New LXC Configuration
Code:
arch: amd64
cores: 1
features: nesting=1
hostname: Test1
memory: 512
net1: name=net1,bridge=vmbr0,firewall=0,gw=192.168.50.1,hwaddr=BC:24:11:BC:15:C2,ip=192.168.50.150/32,tag=50,type=veth
ostype: ubuntu
rootfs: Prox01-Local:150/vm-150-disk-0.raw,size=8G
swap: 512
unprivileged: 1
lxc.idmap: u 0 100000 1000
lxc.idmap: u 1000 1000 1
lxc.idmap: u 1001 101001 64534
lxc.idmap: g 0 100000 1000
lxc.idmap: g 1000 1000 1
lxc.idmap: g 1001 101001 64534

I'm not sure how to start fixing this. Since it happens at the datacenter level, my next step would be to rebuild the entire cluster—but I'd really prefer to find another solution.

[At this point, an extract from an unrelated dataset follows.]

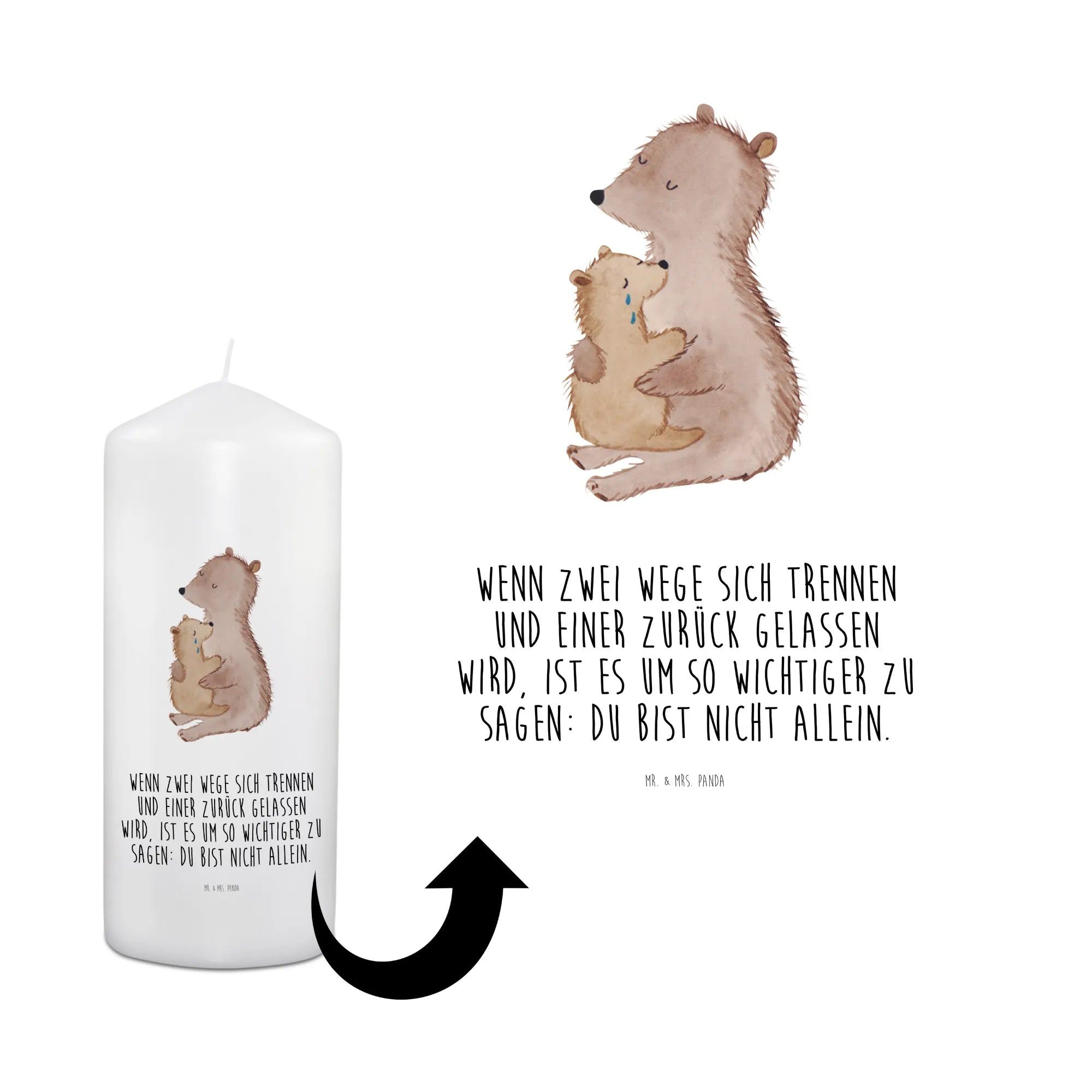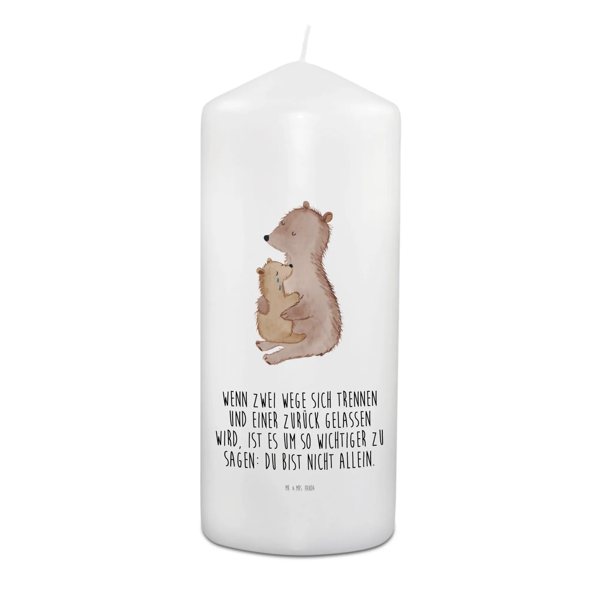Die Trauerkerze 'Bär mit Kind weinend' von Mr. & Mrs. Panda ist das perfekte Geschenk für all jene, die in schweren Zeiten Trost und Anteilnahme zeigen möchten. Mit einem liebevollen Motiv, das einen großen Bären zeigt, der einen kleinen Bären im Arm hält, vermittelt diese Kerze Wärme und Unterstützung in Momenten des Verlustes. Egal, ob du sie für eine Beerdigung, als Andenken an einen lieben Menschen oder einfach zur Gedenkfeier zündest, sie schafft eine einfühlsame Atmosphäre, die dabei hilft, Erinnerungen lebendig zu halten.

If I'm missing anything, like specific logs, please let me know what you need.

Thanks. :)
 
I don't even know what to say. I guess my brain wasn’t working today.
I spent 4 hours troubleshooting, and 5 minutes after posting, I saw it.
I had been creating the LXC with a /32 NIC address the whole time. Truly a big-brain moment.

The problem is solved.
 
  • Like
Reactions: UdoB
I spent 4 hours troubleshooting, and 5 minutes after posting, I saw it.
This happens to all of us :-)


Please edit the title to tag it "Solved" - there is an "Edit Thread" button at the top right.